Un discorso elettorale inframmezzato dalle immagini di una carneficina tra bande criminali rivali. E così lo sceriffo protagonista di Fargo, avvertendo il peso di una situazione difficile, chiede a Reagan: «crede che usciremo dalla crisi in cui siamo?». «Non c’è prova al mondo che un americano non possa superare». «Ma come?». Il candidato si volta ed esce di scena senza rispondere. Prima e dopo questa uscita di scena, nella serie tv e nella realtà, Reagan qualche risposta l’ha data. Subito prima, infatti, ha ribadito al racconto della guerra nel Vietnam fatta dallo sceriffo, citando un film di cui era stato protagonista nella sua carriera di attore, fondendo tragiche vicende e rappresentazione filmica, mostrando come attraverso l’immaginario si possa comprendere la realtà. Divenuto poi Presidente, eroe americano per eccellenza, Reagan ha indicato la direzione da seguire per «far ricominciare il mondo daccapo»: rimuovere gli ostacoli che il governo ha messo sulla strada degli individui e continuare la guerra al comunismo, intensificarla, vincerla anche attraverso il dominio garantito dallo scudo spaziale. In queste scene della serie tv e nell’azione politica di un Presidente è racchiuso tutto il motore della storia americana: l’immaginario e le sue diverse dinamiche.

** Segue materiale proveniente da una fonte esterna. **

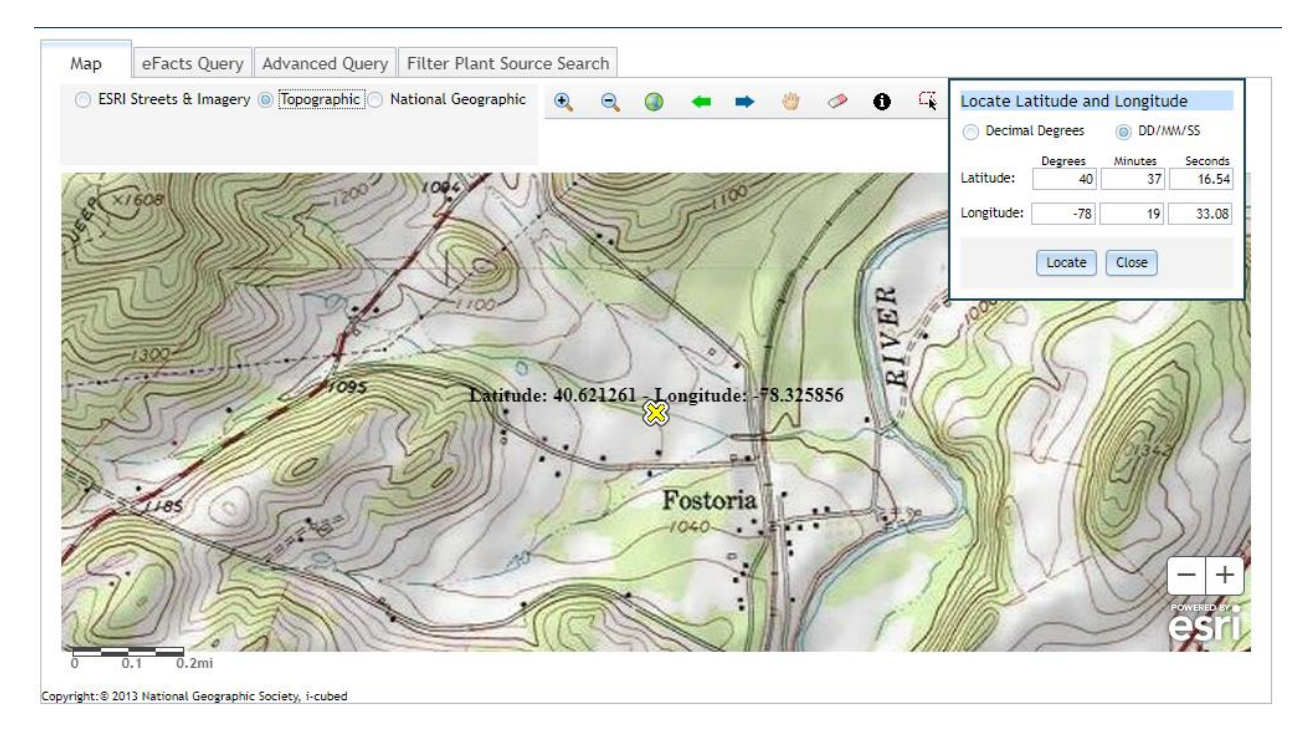
Figure 2: Aerial Photograph of the subject facility
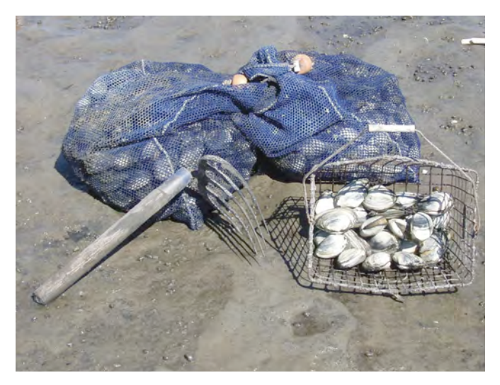
Figure 3. Softshell clams are harvested from intertidal waters by hand rakes and stored in bags for transport to wholesalers.

Softshell clams are marketed and consumed almost exclusively as a cooked product, either steamed or breaded and fried. Steamed clams are boiled or steamed
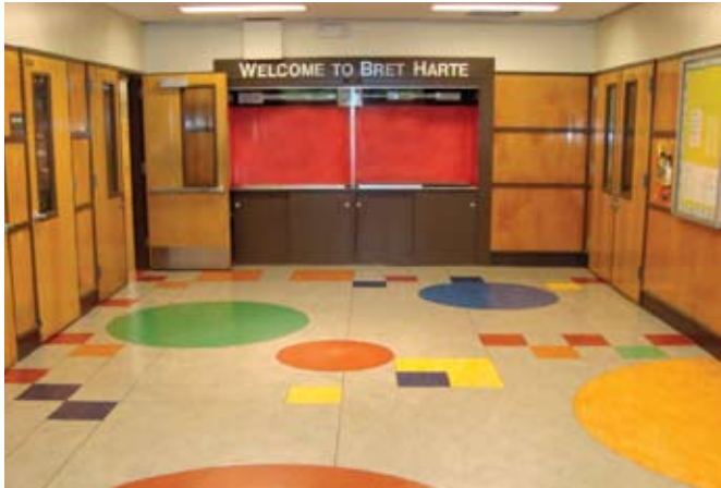
Bret Harte Hallway
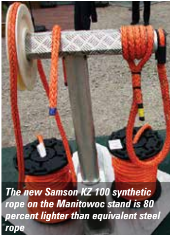
The new Samson KZ 100 synthetic rope on the Maniwoc stand is 80 percent lighter than equivalent steel rope
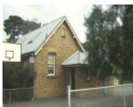
1 bundooora primary school no 1915 plenty road bundooora front view may1997
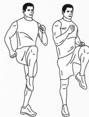
10 high knees
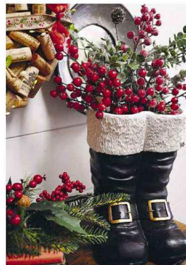
Santa's boots and other decorative items at Back In Time.

INFO 441 Main St., Farmingdale, 516-586-8443, backintimedecor.com
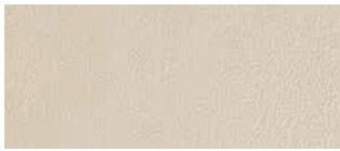
PREMIUM LEATHER - PERFORATED
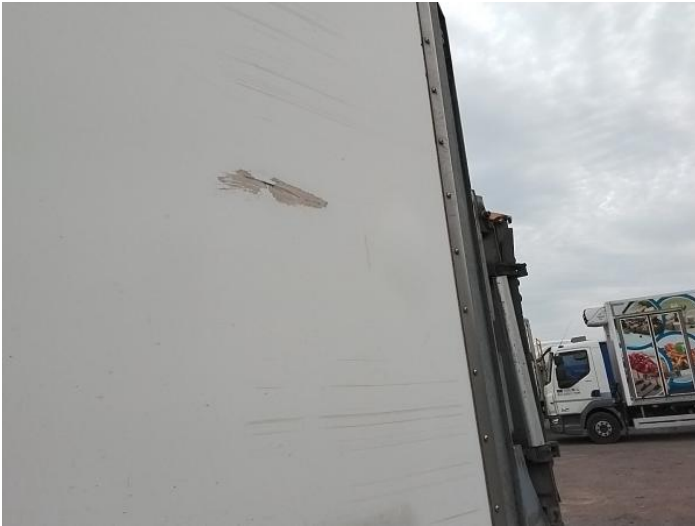
9: Qtr Panel nsr Cracked Replace
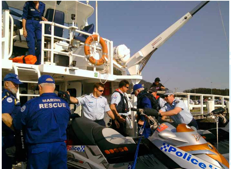
Preparations for Camden Haven SAREX on MAC vessel 'Intrepid'

A team from 723 Squadron, HMAS Albatross and the Royal Australian Navy, outlined helicopter support services accessed through AMSA in Canberra.

Nel volume Spazi (s)confinati (manifestolibri, 2015, pp. 413), i sociologi della cultura Fabio Tarzia ed Emiliano Ilardi sostengono la tesi della centralità dell’immaginario nella storia degli Stati uniti e in tale ottica indagano quel «grande sistema comunicativo che, attraverso una strumentazione metaforica e allegorica, e un utilizzo del più svariato ventaglio di linguaggi, dà forma (attraverso i media) alle strutture culturali profonde e funge da mediazione tra queste ultime, gli individui e le trasformazioni storiche». Lo sconfinamento reaganiano tra il cinema e la realtà, l’attore e il politico dà conto di una forza dell’immaginario altrove storicamente molto più debole ovvero sostanzialmente alternativo rispetto alla realtà (quasi una compensazione rispetto ad essa). Ci pare perciò davvero apprezzabile il tentativo compiuto in Spazi (s)confinati di indagare il ruolo del fattore-chiave immaginario. E di farlo sganciandolo da quella critica tipicamente marxista che lo relega a mera sovrastruttura determinata e funzionale alle dinamiche dell’economia capitalista. L’immaginario – pur non essendo l’unico fattore del mutamento sociale così come per McLuhan non lo erano i media – gioca un suo ruolo autonomo e in forza di questa autonomia interagisce con altri fattori, tipo quelli economici, a volte indirizzandoli in determinate direzioni. Inoltre, coraggiosamente, i due autore indagano le dinamiche dell’immaginario americano nel lungo periodo, mostrandone splendori e miserie, momenti di gloria e crepe dall’arrivo dei Padri Pellegrini all’affermazione di Barack Obama.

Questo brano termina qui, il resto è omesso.